--- EXERCISE OBJECTIVE ---
Skipping each picture, output the entries exactly as they stand below.

--- LISTED ENTRIES ---
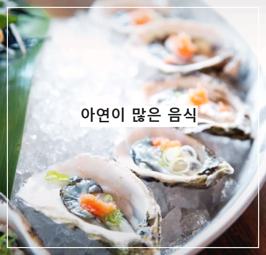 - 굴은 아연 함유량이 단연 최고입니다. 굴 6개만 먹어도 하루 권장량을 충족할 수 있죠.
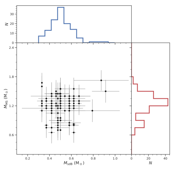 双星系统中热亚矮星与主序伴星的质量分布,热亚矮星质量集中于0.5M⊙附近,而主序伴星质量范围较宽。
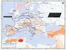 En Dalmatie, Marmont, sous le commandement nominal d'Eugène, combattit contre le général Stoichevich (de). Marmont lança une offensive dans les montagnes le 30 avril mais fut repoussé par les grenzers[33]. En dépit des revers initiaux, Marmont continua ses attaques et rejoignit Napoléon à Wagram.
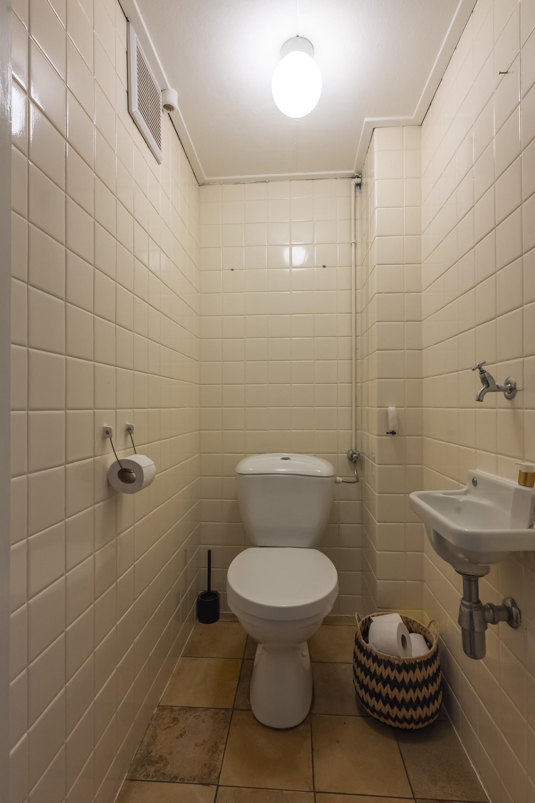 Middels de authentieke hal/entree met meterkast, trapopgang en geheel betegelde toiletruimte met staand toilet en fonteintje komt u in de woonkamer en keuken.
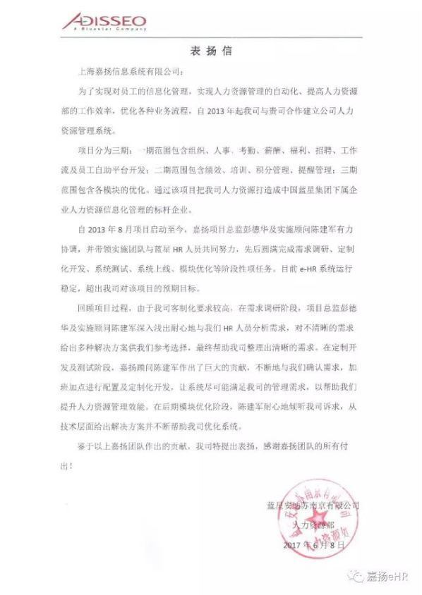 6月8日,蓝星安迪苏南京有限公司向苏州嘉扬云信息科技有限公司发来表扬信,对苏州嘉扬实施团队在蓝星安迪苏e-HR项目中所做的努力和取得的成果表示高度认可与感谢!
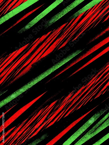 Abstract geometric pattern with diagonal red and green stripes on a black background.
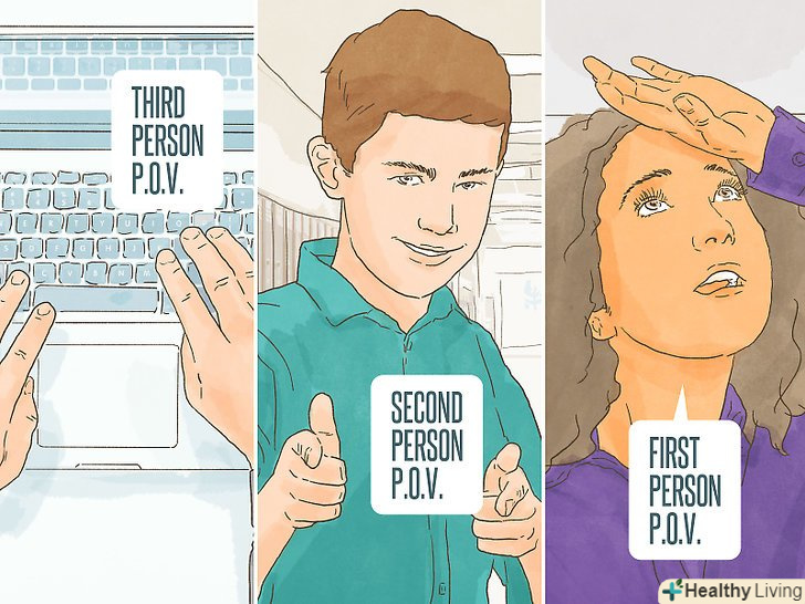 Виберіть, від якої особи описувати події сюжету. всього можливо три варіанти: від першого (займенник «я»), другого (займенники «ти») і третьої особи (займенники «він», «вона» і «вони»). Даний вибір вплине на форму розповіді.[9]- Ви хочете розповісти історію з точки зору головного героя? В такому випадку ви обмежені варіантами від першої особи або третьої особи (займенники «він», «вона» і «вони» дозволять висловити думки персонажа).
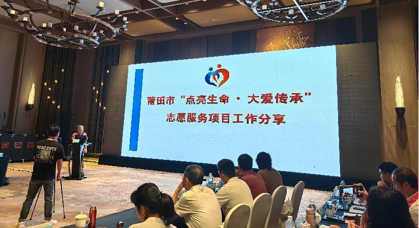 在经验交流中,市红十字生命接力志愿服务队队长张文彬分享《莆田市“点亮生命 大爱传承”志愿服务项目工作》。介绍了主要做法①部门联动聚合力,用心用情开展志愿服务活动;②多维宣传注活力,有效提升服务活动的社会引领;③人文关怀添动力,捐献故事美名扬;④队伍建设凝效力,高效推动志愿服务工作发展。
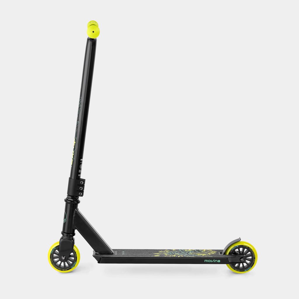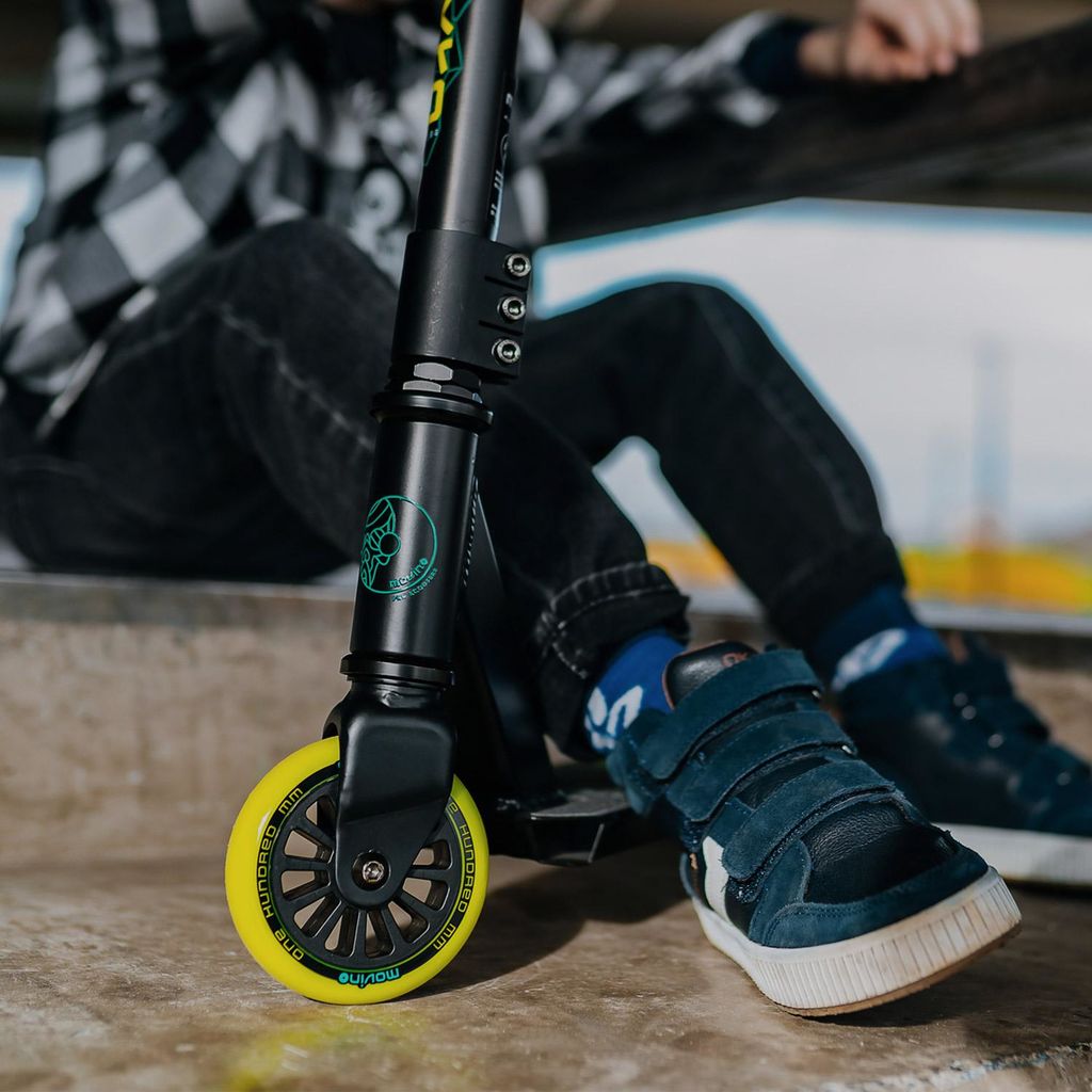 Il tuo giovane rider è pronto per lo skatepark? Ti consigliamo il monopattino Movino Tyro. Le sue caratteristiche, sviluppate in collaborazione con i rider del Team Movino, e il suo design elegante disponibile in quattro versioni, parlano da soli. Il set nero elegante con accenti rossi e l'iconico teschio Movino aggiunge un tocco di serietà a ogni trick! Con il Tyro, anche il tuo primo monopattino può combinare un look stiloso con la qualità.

--- SOLUTION TO THE PROBLEM ---
 - 굴은 아연 함유량이 단연 최고입니다. 굴 6개만 먹어도 하루 권장량을 충족할 수 있죠.
 双星系统中热亚矮星与主序伴星的质量分布,热亚矮星质量集中于0.5M⊙附近,而主序伴星质量范围较宽。
 En Dalmatie, Marmont, sous le commandement nominal d'Eugène, combattit contre le général Stoichevich (de). Marmont lança une offensive dans les montagnes le 30 avril mais fut repoussé par les grenzers[33]. En dépit des revers initiaux, Marmont continua ses attaques et rejoignit Napoléon à Wagram.
 Middels de authentieke hal/entree met meterkast, trapopgang en geheel betegelde toiletruimte met staand toilet en fonteintje komt u in de woonkamer en keuken.
 6月8日,蓝星安迪苏南京有限公司向苏州嘉扬云信息科技有限公司发来表扬信,对苏州嘉扬实施团队在蓝星安迪苏e-HR项目中所做的努力和取得的成果表示高度认可与感谢!
 Abstract geometric pattern with diagonal red and green stripes on a black background.
 Виберіть, від якої особи описувати події сюжету. всього можливо три варіанти: від першого (займенник «я»), другого (займенники «ти») і третьої особи (займенники «він», «вона» і «вони»). Даний вибір вплине на форму розповіді.[9]- Ви хочете розповісти історію з точки зору головного героя? В такому випадку ви обмежені варіантами від першої особи або третьої особи (займенники «він», «вона» і «вони» дозволять висловити думки персонажа).
 在经验交流中,市红十字生命接力志愿服务队队长张文彬分享《莆田市“点亮生命 大爱传承”志愿服务项目工作》。介绍了主要做法①部门联动聚合力,用心用情开展志愿服务活动;②多维宣传注活力,有效提升服务活动的社会引领;③人文关怀添动力,捐献故事美名扬;④队伍建设凝效力,高效推动志愿服务工作发展。
 Il tuo giovane rider è pronto per lo skatepark? Ti consigliamo il monopattino Movino Tyro. Le sue caratteristiche, sviluppate in collaborazione con i rider del Team Movino, e il suo design elegante disponibile in quattro versioni, parlano da soli. Il set nero elegante con accenti rossi e l'iconico teschio Movino aggiunge un tocco di serietà a ogni trick! Con il Tyro, anche il tuo primo monopattino può combinare un look stiloso con la qualità.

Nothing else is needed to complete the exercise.